Dipagi ini sambil berpikir, apa yang mau saya kerjakan, pekerjaan dari perusahaan sudah tidak punya akibat di-PHK?

Keponakan saya yang besar dan sudah menginjak bangku SMP mengajak saya memancing. Oh tidak, memancing saat menjelang siang hari bukan pilihan yang tetap.

"Menunggu siang hari menjelang sore tiba waktunya ngabuburit. Kebetulan saat ini sedang masuk masa bulan ramadhan. Memancing menunggu berbuka puasa adalah waktu yang tepat melakukan kegiatan aktivitas diluar rumah dimasa bulan ramadhan serta saat terjadi wabah covid-19 seperti saat ini".

Sembari duduk dan mengingat-ingat. Perasaan keponakan saya libur terus. Saya tanyakan padanya, sudah berapa lama kamu libur? Dia menjawab; sudah satu bulan, bahkan kemungkinan besar diperpanjang ditengah masa pandemic covid-19 yang belum juga berkesudahan.

Bagi generasi saya yang mau menginjak kepala tiga. Libur sekolah sebagai hari kebebasan anak-anak sekolah, tentu akan diabadikan sebagai dalam cerita saat saat dibangku sekolah dimasa depan.
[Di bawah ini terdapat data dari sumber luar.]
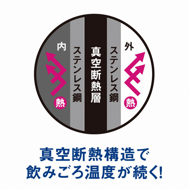 真空断熱構造で飲みごろ温度を長時間キープ!保冷・保温力抜群なので、ホットにもアイスも!

Akankah bagi generasi saat ini dengan libur panjang sekali berbulan-bulan akibat covid-19, akan menjadi cerita menarik dimasa depan mereka suatu saat nanti?

Cerita libur sekolah masa Gus Dur hingga SBY

Bagi saya orang yang malas sekali untuk pergi ke sekolah, libur sekolah seperti keadaan hari tenang yang setiap hari ditunggu-tunggu waktunya.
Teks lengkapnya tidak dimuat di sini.